(Collected data)
^^^^^^^^^^^^^^^^
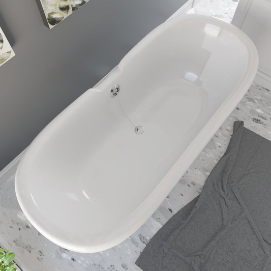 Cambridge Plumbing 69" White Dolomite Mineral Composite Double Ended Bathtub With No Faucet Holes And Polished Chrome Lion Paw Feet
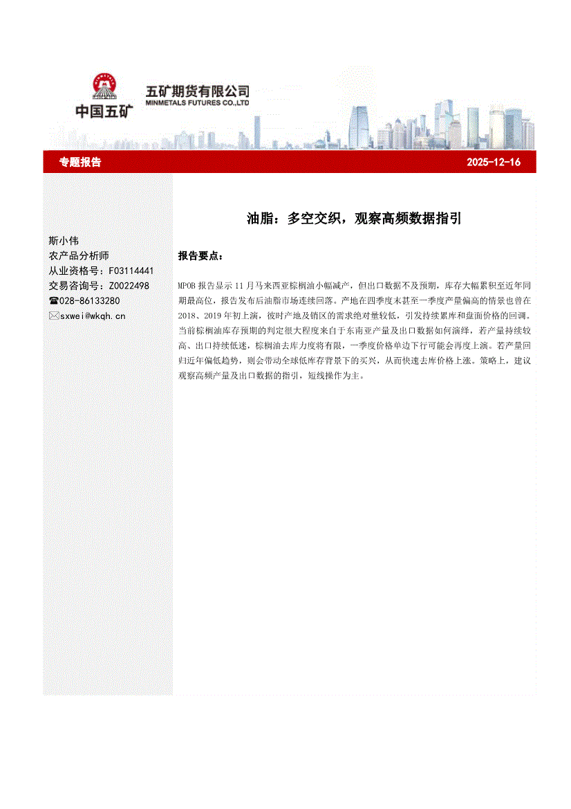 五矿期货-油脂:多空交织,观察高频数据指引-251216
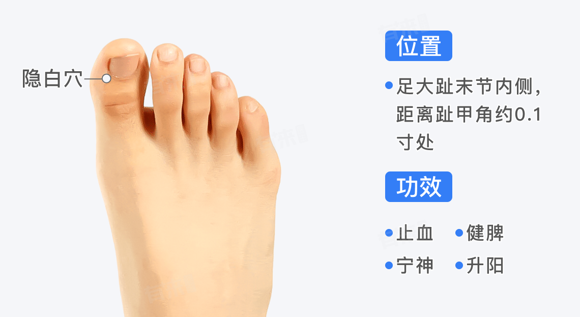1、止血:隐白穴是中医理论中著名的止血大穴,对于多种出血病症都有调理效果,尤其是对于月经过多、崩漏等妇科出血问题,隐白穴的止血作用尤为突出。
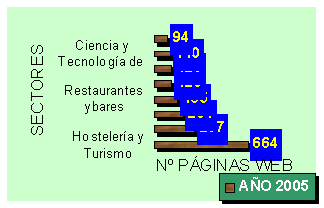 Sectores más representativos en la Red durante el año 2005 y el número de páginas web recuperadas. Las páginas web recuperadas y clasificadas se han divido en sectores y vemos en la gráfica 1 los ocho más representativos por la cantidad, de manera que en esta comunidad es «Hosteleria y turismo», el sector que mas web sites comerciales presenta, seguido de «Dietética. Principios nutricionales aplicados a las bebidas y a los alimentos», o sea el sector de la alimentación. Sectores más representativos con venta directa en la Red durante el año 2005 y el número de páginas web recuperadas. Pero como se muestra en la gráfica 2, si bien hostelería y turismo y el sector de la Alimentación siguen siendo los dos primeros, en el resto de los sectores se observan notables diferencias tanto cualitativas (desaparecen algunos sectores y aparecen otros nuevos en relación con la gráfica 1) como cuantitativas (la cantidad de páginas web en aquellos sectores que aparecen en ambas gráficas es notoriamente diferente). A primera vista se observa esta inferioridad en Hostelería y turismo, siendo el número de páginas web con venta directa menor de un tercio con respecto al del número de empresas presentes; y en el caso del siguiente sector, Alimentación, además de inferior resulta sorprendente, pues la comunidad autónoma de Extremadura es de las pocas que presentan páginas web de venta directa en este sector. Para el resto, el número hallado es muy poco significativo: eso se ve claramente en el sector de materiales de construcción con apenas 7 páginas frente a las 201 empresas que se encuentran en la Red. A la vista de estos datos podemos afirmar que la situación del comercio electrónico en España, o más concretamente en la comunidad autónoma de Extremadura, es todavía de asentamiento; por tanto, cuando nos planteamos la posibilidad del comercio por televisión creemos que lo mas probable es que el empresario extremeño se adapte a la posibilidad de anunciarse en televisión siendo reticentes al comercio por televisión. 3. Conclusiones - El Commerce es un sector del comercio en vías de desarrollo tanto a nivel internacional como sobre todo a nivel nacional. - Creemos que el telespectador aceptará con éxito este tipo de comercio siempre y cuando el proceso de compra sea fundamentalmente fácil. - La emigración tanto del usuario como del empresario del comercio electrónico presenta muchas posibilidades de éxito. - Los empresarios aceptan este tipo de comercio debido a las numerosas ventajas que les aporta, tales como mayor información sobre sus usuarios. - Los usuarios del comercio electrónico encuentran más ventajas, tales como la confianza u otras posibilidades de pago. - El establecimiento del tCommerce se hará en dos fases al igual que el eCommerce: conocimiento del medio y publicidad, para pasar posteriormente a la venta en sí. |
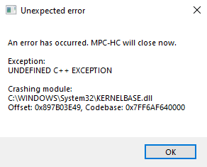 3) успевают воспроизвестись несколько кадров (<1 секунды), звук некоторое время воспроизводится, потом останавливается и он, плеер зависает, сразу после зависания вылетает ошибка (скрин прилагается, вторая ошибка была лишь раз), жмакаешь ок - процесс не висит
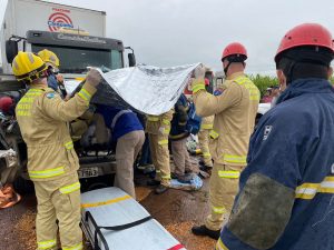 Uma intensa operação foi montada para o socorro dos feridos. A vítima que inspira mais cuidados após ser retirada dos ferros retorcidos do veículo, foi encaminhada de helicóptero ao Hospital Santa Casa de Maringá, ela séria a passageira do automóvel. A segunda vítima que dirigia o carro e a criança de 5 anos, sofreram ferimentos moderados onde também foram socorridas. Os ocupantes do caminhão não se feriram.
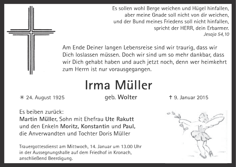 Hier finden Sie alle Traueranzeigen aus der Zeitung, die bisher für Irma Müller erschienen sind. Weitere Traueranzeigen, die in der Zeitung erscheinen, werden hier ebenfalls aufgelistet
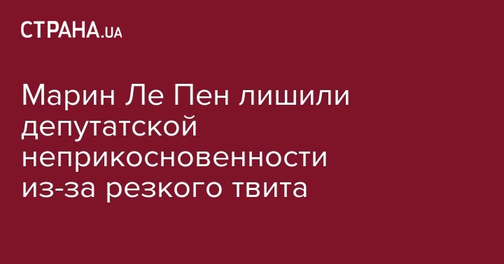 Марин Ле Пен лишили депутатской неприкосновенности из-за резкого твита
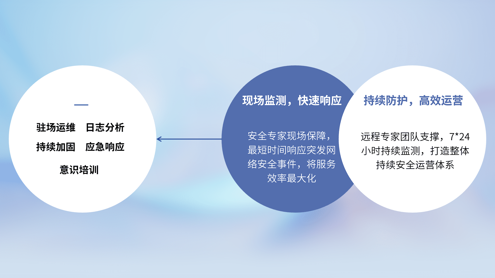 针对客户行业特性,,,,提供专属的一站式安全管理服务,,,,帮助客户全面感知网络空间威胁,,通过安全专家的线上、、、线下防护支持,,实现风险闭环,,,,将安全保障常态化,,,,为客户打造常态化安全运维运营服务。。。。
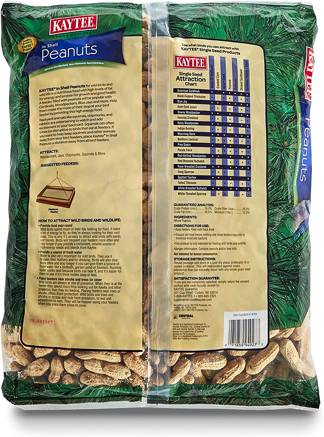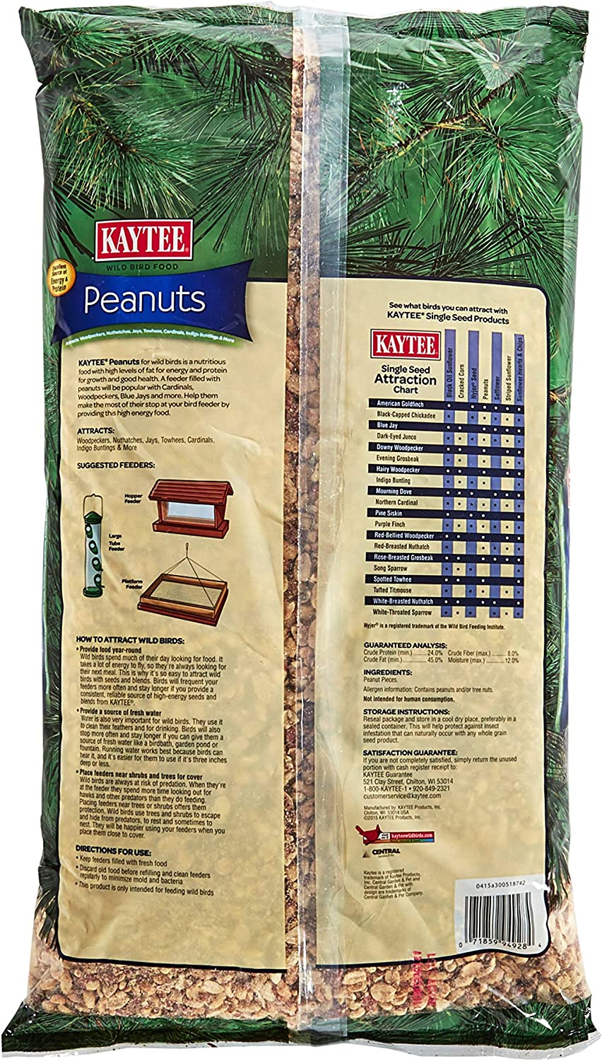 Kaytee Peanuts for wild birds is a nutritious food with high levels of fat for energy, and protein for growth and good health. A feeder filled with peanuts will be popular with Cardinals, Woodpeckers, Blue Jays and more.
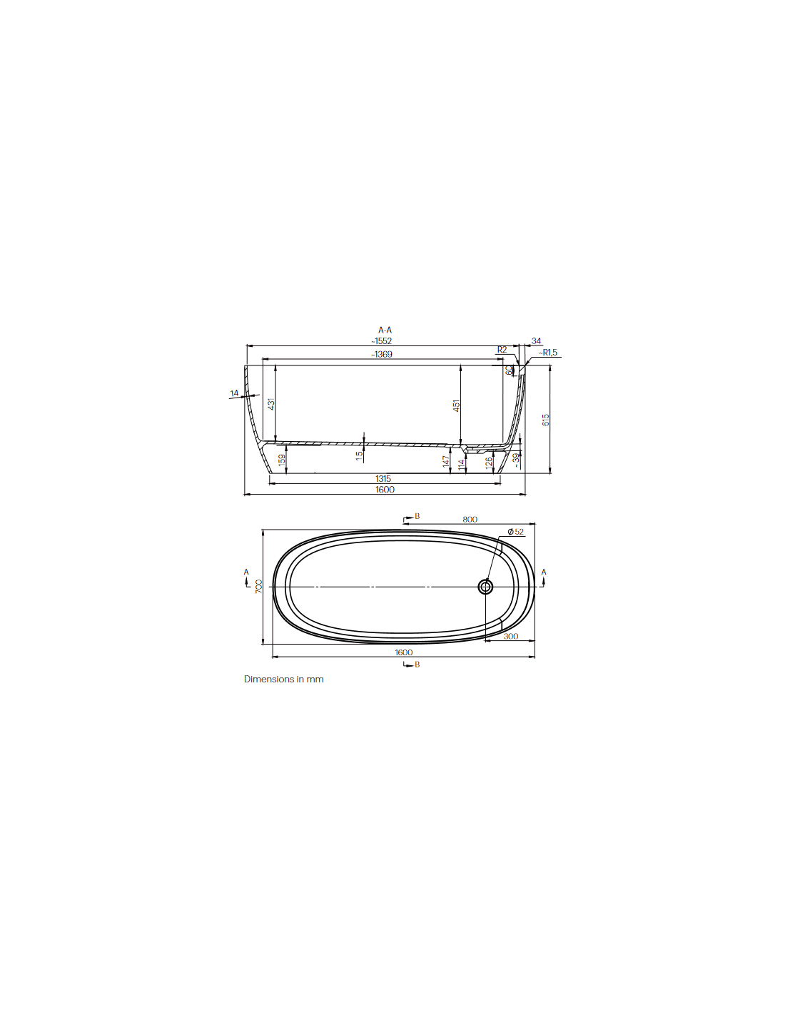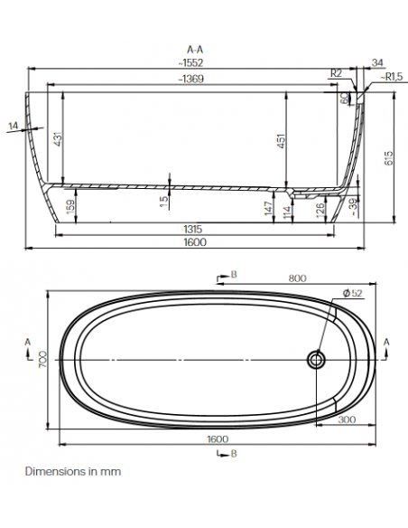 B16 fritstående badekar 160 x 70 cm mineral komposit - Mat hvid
^^^^^^^^^^^^^^^^
All entries are to be duplicated exactly, with the pictures left out.

 Cambridge Plumbing 69" White Dolomite Mineral Composite Double Ended Bathtub With No Faucet Holes And Polished Chrome Lion Paw Feet
 五矿期货-油脂:多空交织,观察高频数据指引-251216
1、止血:隐白穴是中医理论中著名的止血大穴,对于多种出血病症都有调理效果,尤其是对于月经过多、崩漏等妇科出血问题,隐白穴的止血作用尤为突出。
 Sectores más representativos en la Red durante el año 2005 y el número de páginas web recuperadas. Las páginas web recuperadas y clasificadas se han divido en sectores y vemos en la gráfica 1 los ocho más representativos por la cantidad, de manera que en esta comunidad es «Hosteleria y turismo», el sector que mas web sites comerciales presenta, seguido de «Dietética. Principios nutricionales aplicados a las bebidas y a los alimentos», o sea el sector de la alimentación. Sectores más representativos con venta directa en la Red durante el año 2005 y el número de páginas web recuperadas. Pero como se muestra en la gráfica 2, si bien hostelería y turismo y el sector de la Alimentación siguen siendo los dos primeros, en el resto de los sectores se observan notables diferencias tanto cualitativas (desaparecen algunos sectores y aparecen otros nuevos en relación con la gráfica 1) como cuantitativas (la cantidad de páginas web en aquellos sectores que aparecen en ambas gráficas es notoriamente diferente). A primera vista se observa esta inferioridad en Hostelería y turismo, siendo el número de páginas web con venta directa menor de un tercio con respecto al del número de empresas presentes; y en el caso del siguiente sector, Alimentación, además de inferior resulta sorprendente, pues la comunidad autónoma de Extremadura es de las pocas que presentan páginas web de venta directa en este sector. Para el resto, el número hallado es muy poco significativo: eso se ve claramente en el sector de materiales de construcción con apenas 7 páginas frente a las 201 empresas que se encuentran en la Red. A la vista de estos datos podemos afirmar que la situación del comercio electrónico en España, o más concretamente en la comunidad autónoma de Extremadura, es todavía de asentamiento; por tanto, cuando nos planteamos la posibilidad del comercio por televisión creemos que lo mas probable es que el empresario extremeño se adapte a la posibilidad de anunciarse en televisión siendo reticentes al comercio por televisión. 3. Conclusiones - El Commerce es un sector del comercio en vías de desarrollo tanto a nivel internacional como sobre todo a nivel nacional. - Creemos que el telespectador aceptará con éxito este tipo de comercio siempre y cuando el proceso de compra sea fundamentalmente fácil. - La emigración tanto del usuario como del empresario del comercio electrónico presenta muchas posibilidades de éxito. - Los empresarios aceptan este tipo de comercio debido a las numerosas ventajas que les aporta, tales como mayor información sobre sus usuarios. - Los usuarios del comercio electrónico encuentran más ventajas, tales como la confianza u otras posibilidades de pago. - El establecimiento del tCommerce se hará en dos fases al igual que el eCommerce: conocimiento del medio y publicidad, para pasar posteriormente a la venta en sí. |
 3) успевают воспроизвестись несколько кадров (<1 секунды), звук некоторое время воспроизводится, потом останавливается и он, плеер зависает, сразу после зависания вылетает ошибка (скрин прилагается, вторая ошибка была лишь раз), жмакаешь ок - процесс не висит
 Uma intensa operação foi montada para o socorro dos feridos. A vítima que inspira mais cuidados após ser retirada dos ferros retorcidos do veículo, foi encaminhada de helicóptero ao Hospital Santa Casa de Maringá, ela séria a passageira do automóvel. A segunda vítima que dirigia o carro e a criança de 5 anos, sofreram ferimentos moderados onde também foram socorridas. Os ocupantes do caminhão não se feriram.
 Hier finden Sie alle Traueranzeigen aus der Zeitung, die bisher für Irma Müller erschienen sind. Weitere Traueranzeigen, die in der Zeitung erscheinen, werden hier ebenfalls aufgelistet
 Марин Ле Пен лишили депутатской неприкосновенности из-за резкого твита
 针对客户行业特性,,,,提供专属的一站式安全管理服务,,,,帮助客户全面感知网络空间威胁,,通过安全专家的线上、、、线下防护支持,,实现风险闭环,,,,将安全保障常态化,,,,为客户打造常态化安全运维运营服务。。。。
 Kaytee Peanuts for wild birds is a nutritious food with high levels of fat for energy, and protein for growth and good health. A feeder filled with peanuts will be popular with Cardinals, Woodpeckers, Blue Jays and more.
 B16 fritstående badekar 160 x 70 cm mineral komposit - Mat hvid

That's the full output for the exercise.